The doctrine of the Cross, though it be the true interpretation of this world, is not prominently manifested in it, upon its surface, but is concealed;

so again, when received into the faithful heart, there it abides as a living principle, but deep, and hidden from observation.

[...] “Jesus Christ and He crucified” is, as the Apostle tells us, “a hidden wisdom;”—hidden in the world, which seems at first sight to speak a far other doctrine,

—and hidden in the faithful soul, which to persons at a distance, or to chance beholders, seems to be living but an ordinary life, while really it is in secret holding communion with Him who was “manifested in the flesh,” “crucified through weakness,” “justified in the Spirit, seen of angels, and received up into glory.”

This being the case, the great and awful doctrine of the Cross of Christ, which we now commemorate, may fitly be called, in the language of figure, the heart of religion.

The heart may be considered as the seat of life; it is the principle of motion, heat, and activity; from it the blood goes to and fro to the extreme parts of the body.

It sustains the man in his powers and faculties; it enables the brain to think; and when it is touched, man dies.

And in like manner the sacred doctrine of Christ’s Atoning Sacrifice is the vital principle on which the Christian lives, and without which Christianity is not.

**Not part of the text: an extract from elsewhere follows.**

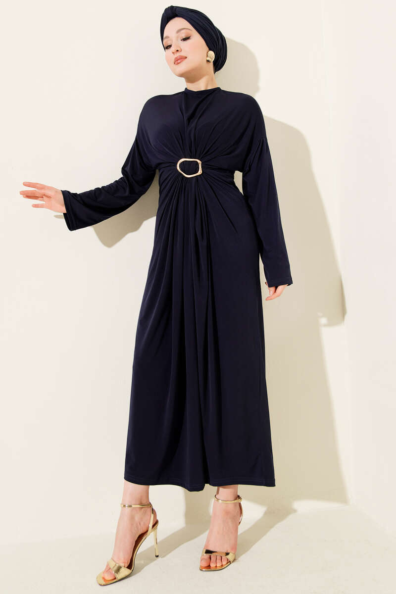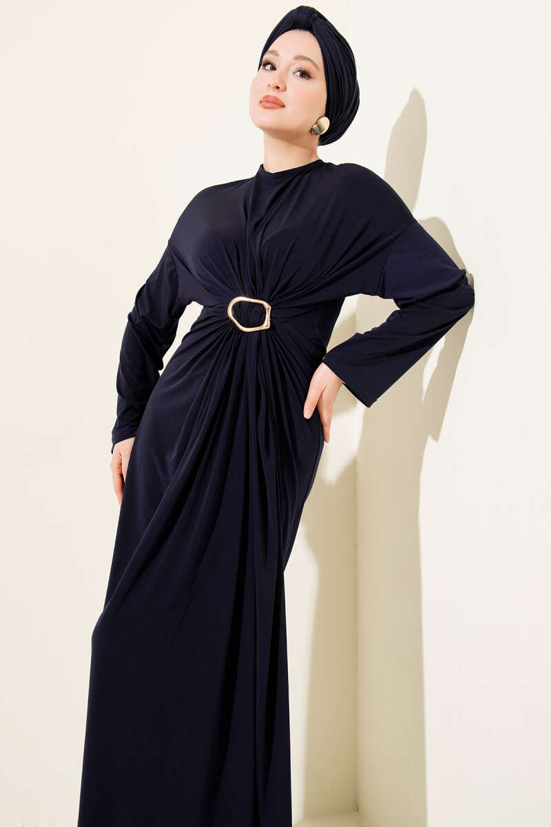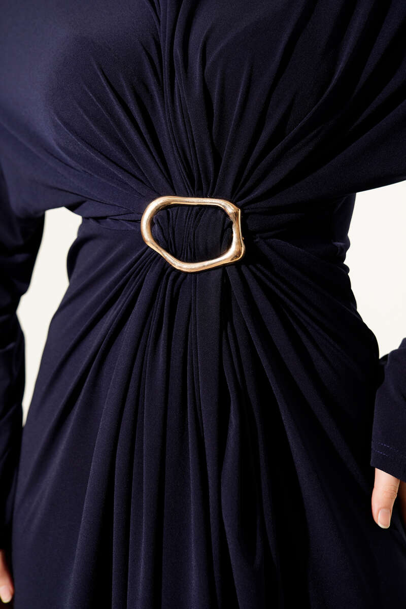 Metal Tokalı Büzgülü Sandy Elbise Siyah

Without it no other doctrine is held profitably; to believe in Christ’s divinity, or in His manhood, or in the Holy Trinity, or in a judgment to come, or in the resurrection of the dead, is an untrue belief, not Christian faith, unless we receive also the doctrine of Christ’s sacrifice.

On the other hand, to receive it presupposes the reception of other high truths of the Gospel besides;

it involves the belief in Christ’s true divinity, in His true incarnation, and in man’s sinful state by nature; and it prepares the way to belief in the sacred Eucharistic feast, in which He who was once crucified is ever given to our souls and bodies, verily and indeed, in His Body and in His Blood.

But again, the heart is hidden from view; it is carefully and securely guarded; it is not like the eye set in the forehead, commanding all, and seen of all:

and so in like manner the sacred doctrine of the Atoning Sacrifice is not one to be talked of, but to be lived upon; not to be put forth irreverently, but to be adored secretly….

John Henry Cardinal Newman (1801-1890): Parochial and Plain Sermons, vol. 6, Sermon 7. The Cross of Christ the Measure of the World.